In any case, a spontaneous consumer backlash would be more likely out of concerns about anti-Chinese racism than because Australia has stuck its neck out in the inquiry push. The fact of the matter is that ordinary Chinese are mostly indifferent to Australian politics. Even as the current China debate reached fever pitch here, the news didn’t even register a mention in the few Chinese international relations WeChat groups I’m following, faring very poorly compared to the recent gossip over North Korean leader Kim Jong-un.

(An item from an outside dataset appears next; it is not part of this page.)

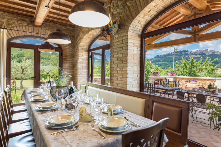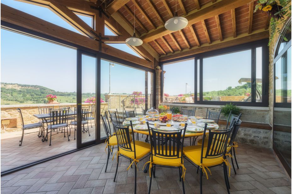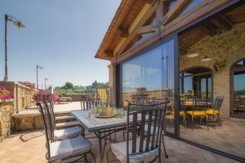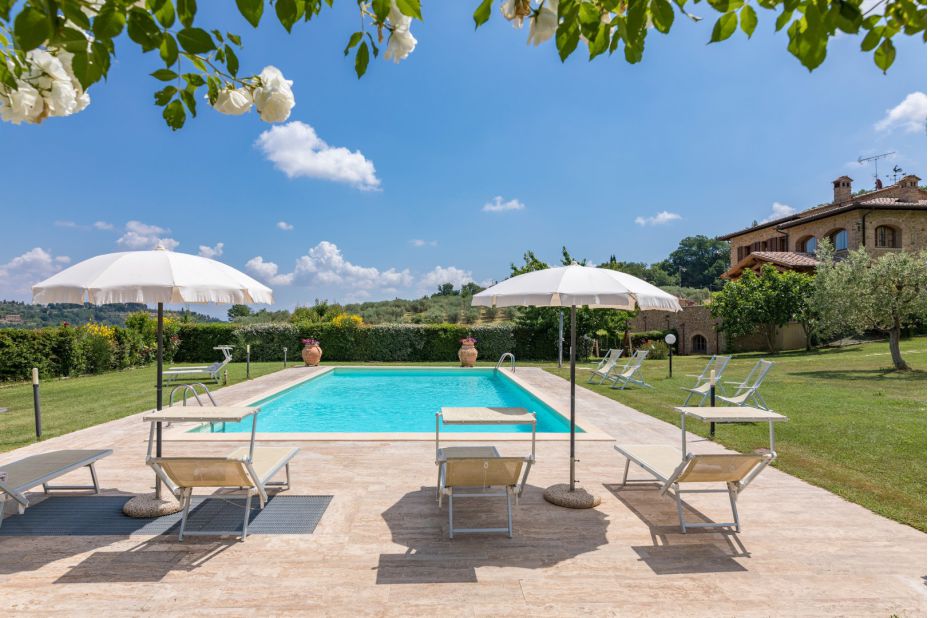 Die Lage dieses Ferien-Domizils ist traumhaft und wird durch viele Besonderheiten zu einem einzigartigen Ort für einen unvergesslichen Toskana-Aufenthalt für eine große Familie oder befreundete Gruppe: Panorama-Terrasse mit beheiztem Whirlpool, möblierte Outdoorbereiche mit Holzofen und gemauertem Grill, Kinderspielplatz mit Schaukel und Rutsche, Tischtennisplatte und Tisch-Fußball.

Still, the Chinese ambassador’s remarks, whether we agree with them or not, should be given the quintessentially Australian “fair go”. His comment that the inquiry call has political motivations does reflect general opinion back home. One doesn’t have to be a genius to figure out that Australia’s sudden interest in an inquiry followed closely after the US government ratcheted up its attack on China. The New York Times reported, on the eve of Australian Foreign Minister Marise Payne’s China inquiry call, that the US strategy of “pinning the blame on China” “could not be clearer”. The revelation that the US Senate Republican campaign arm distributed a 57-page ‘Don’t defend Trump, attack China’ strategy document to candidates only further added to China’s suspicion of the timing of Australia’s intervention.

So amidst the outrage at the ambassador’s largely misrepresented economic backlash message, Australia has not succeeded in quelling China’s disquiet about its perceived role as “a US lapdog”. Having been praised by Marise Payne for its openness and transparency in sharing information in January, Beijing might be especially puzzled by Canberra’s about-face, which also curiously mirrors Donald Trump’s U-turn.

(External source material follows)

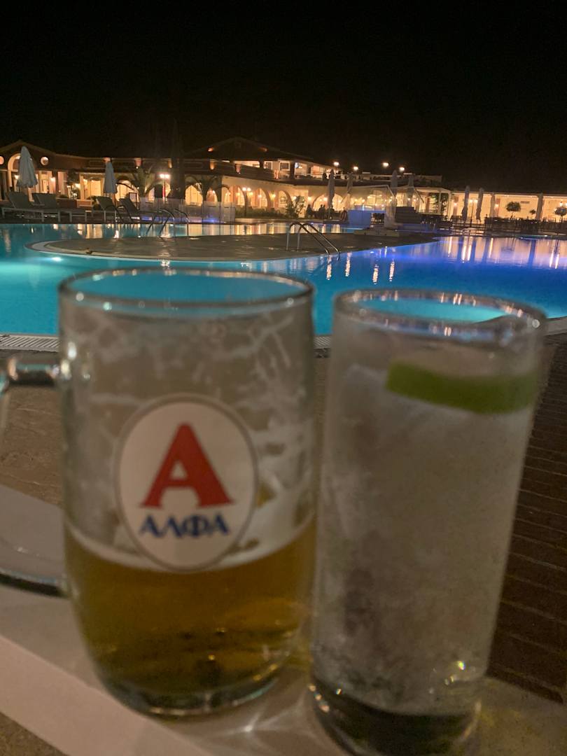 Poolbar am Abend mit Bier & Gin Tonic

Even if China does agree to an inquiry, it is unlikely to be willing to take lectures from Australia now. “We are a transparent, open nation”, Prime Minister Scott Morrison claims, and yet so far there is no record indicating that Australia enthusiastically embraced Mohamed ElBaradei’s proposal of an international inquiry into the legality of the disastrous Iraq War and a possible war crimes trial. One can also bet that Peter Dutton won’t have a change of heart upon hearing the Chinese, echoing his own logic in saying that they “don’t understand why [Australia] can’t answer the questions [about the war] if there’s nothing to hide”.

So Australia’s call for an inquiry, however sensible in its own right, is almost a non-starter. Its labelling of the Chinese Ambassador’s economic boycott threat is no more true than a counter-accusation of Australia’s economic discrimination against Chinese investment in its recent tightening of foreign investment rules.

The show will go on…

What, then, is the fuss all about? For one thing, this diplomatic spectacle in Canberra is useful for distracting the Australian public from other issues that would cast the government in a negative light, like the Ruby Princess debacle. It might also be played for some receptive ears in Washington too, with reports emerging about how Scott Morrison supported an overhaul of the WHO just one day after his phone call with Trump.

Either way, it is a worrying sign of how low the relationship between Australia and its largest trading partner has sunk, and how easily it can be trashed for quick, opportunistic political gains. When even the slightest friction between Canberra and Beijing, if twisted with a sufficiently sensationalist tone of alarm and paranoia, can guarantee wide public attention, it is little wonder that the media are all too happy to play along.

Buckle up and get ready for the next Groundhog Day drama. It is bound to be just around the corner.